A Thousand Mile Walk to the Gulf by John Muir: Writings compiled by John Bade
A Book Review by BPC Librarian, Linder O’Rourke
John Muir is known as the “father of our national parks” and is one of America’s greatest voices for the preservation of our wilderness. This short narrative about his walk from New England to the southern states in America which he called his “foot-tour” is beautifully chronicled and illustrated. He planned extensively for his botanical journey through several states and wrote to friends about his anticipated “botanizing”. He was eager to see the Illinois prairies and he confessed that for many years he was “impelled towards the Lord’s tropic gardens of the South” (Bade viii). His travel journals are full of detailed observations he made while on the march south as he was sleeping “in the great bedroom of the open night” (Bade17).

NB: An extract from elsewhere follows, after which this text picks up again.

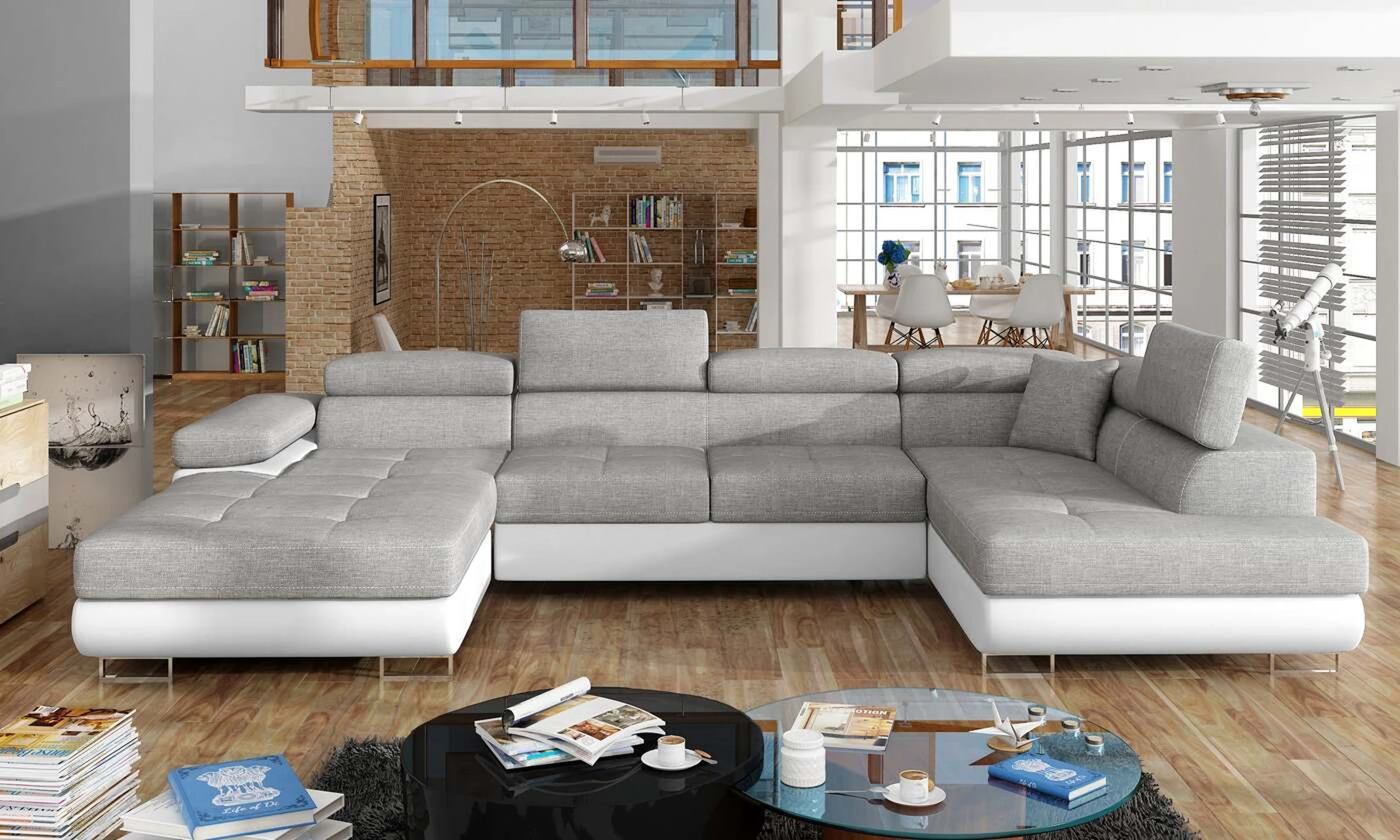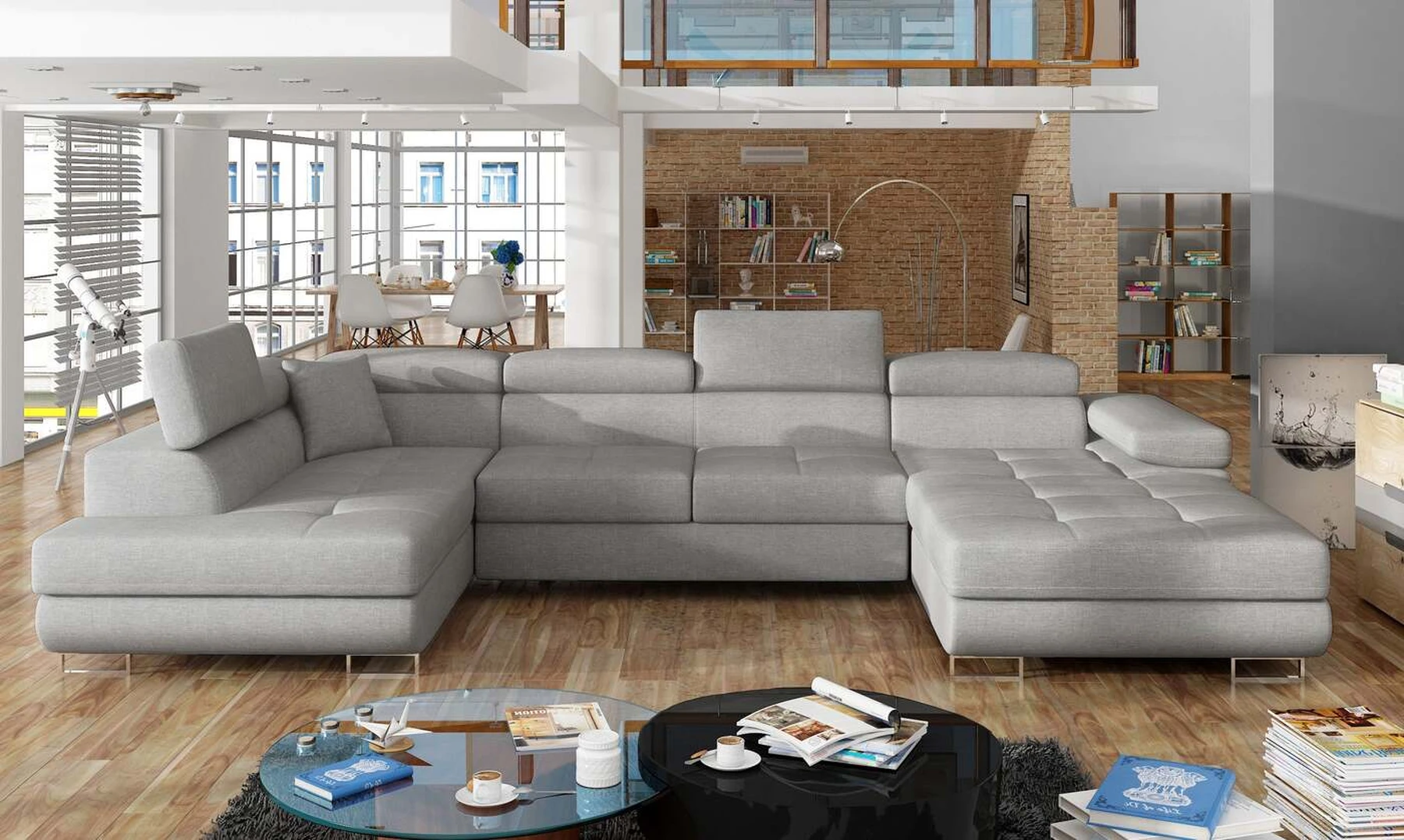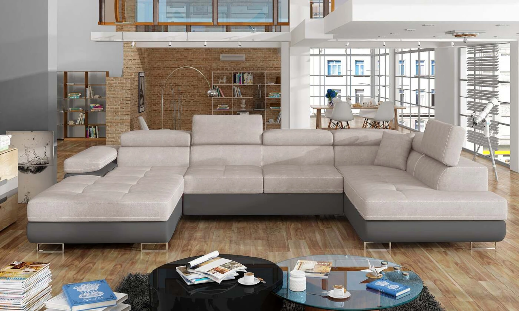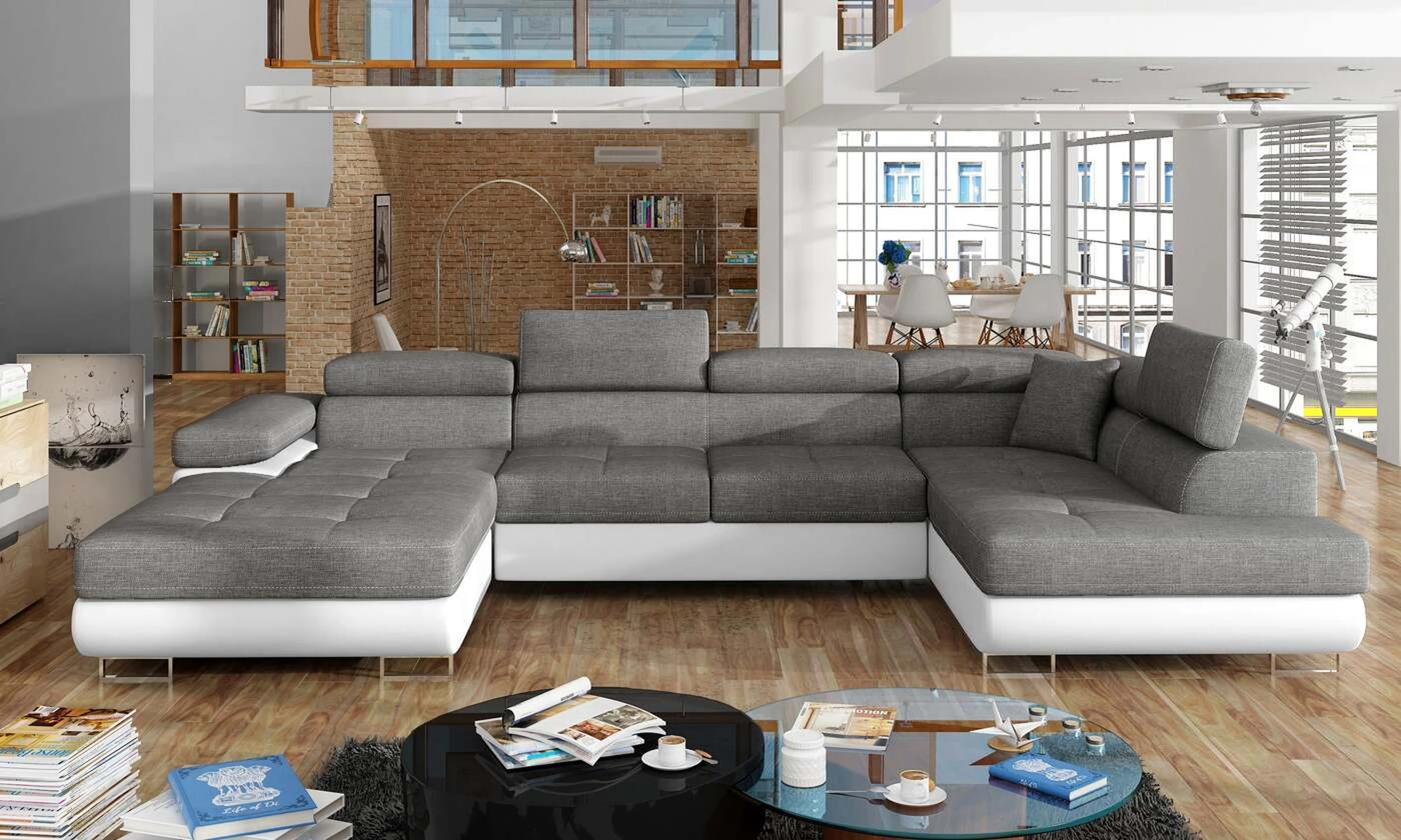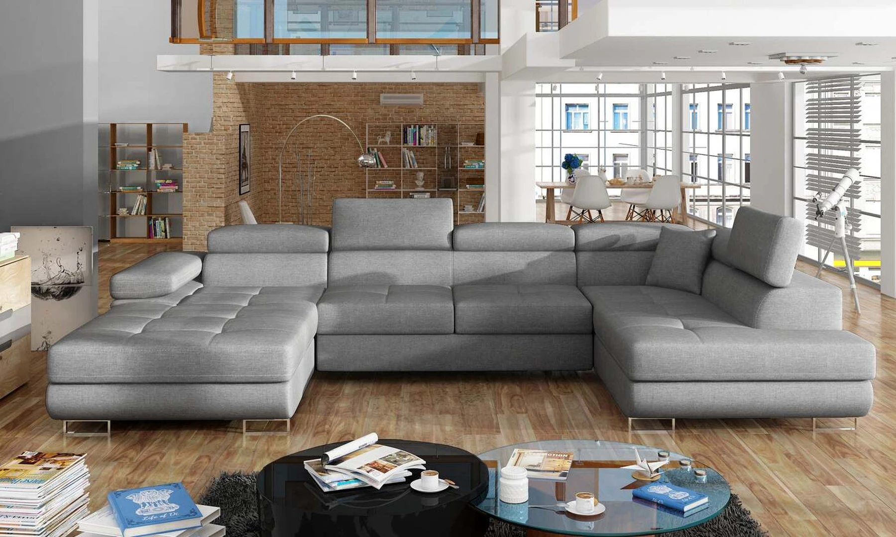 EL4772 yra stilinga ir moderni U formos kampinė sofa. Baldai, kurių matmenys 345 x 202 x 90 cm, garantuoja erdvumą ir komfortą dieną, taip pat maksimalų komfortą 125 x 266 cm – naktį. Delfinų tipo mechanizmo dėka lovos išskleidimas malonus ir nesudėtingas. Be to, verta paminėti ir erdvų patalynės konteinerį, esantį pufoje. Išskirtinį sėdynės minkštumą ir elastingumą garantuoja deformacijoms atsparaus T30 porolono sugretinimas su lanksčia ir patvaria gofruota spyruokle. Tarp ypatybių, kurias galime priskirti šiam modeliui, yra: apmušta nugara, erdvios, gilios sėdynės, kontūrinis atlošas, reguliuojamos galvos atramos, siūlės ir subtilus dygsniavimas ant sėdynių, taip pat aukštos chromuotos kojos. Jei ieškote kažko unikalaus šiuolaikinio klasikinio stiliaus su papildomais žavesio atspalviais – EL4772 jums tikrai puikiai tiks.

Muir was very religious and much of his style uses Biblical phraseology. His first impressions of life on the roads and trails of America are fresh and reveal his passion for Nature and his enduring interest in the habits of people. He felt pushed to leave his job in a wagon factory so he could devote the rest of his life to studying God’s creations in the natural world. He had already “botanized” in northern and mid-Western states and was eager to explore the southern ones. As he collected, he sent specimens to his brother who kept them organized. He left Indianapolis on September 1, 1867 and walked south through Kentucky, Tennessee, Georgia to Florida with hopes of visiting Cuba and South America. He camped in meadows, forests and cemeteries; he writes of traveling alone and enduring great stretches of silence and loneliness comforted by the beauty of Nature. He deliberately took “the least trodden way” (Bade 1). Like Walt Whitman he traveled the county with no set itinerary hoping for and often finding bed and board from generous Americans. The people and places Muir encountered give a delightful and detailed picture of mid-19th century America. Farmers and townsfolk invited him into their homes and establishments and fed and sheltered him as if he was a long-lost friend; he entertained them with stories of his glorious natural discoveries. In Florida he contracted a fever, probably malaria, which cut his plans short. Like many modern Americans, Muir knew in 1867 that most Americans knew very little about the life of plants and their importance to the land and the people who lived on it. It was his personal goal to share his vision of the beauty and importance of Nature with his fellow Americans. This is a quick easy read that will enlighten the reader about the history of American environmentalism and its earliest practitioner.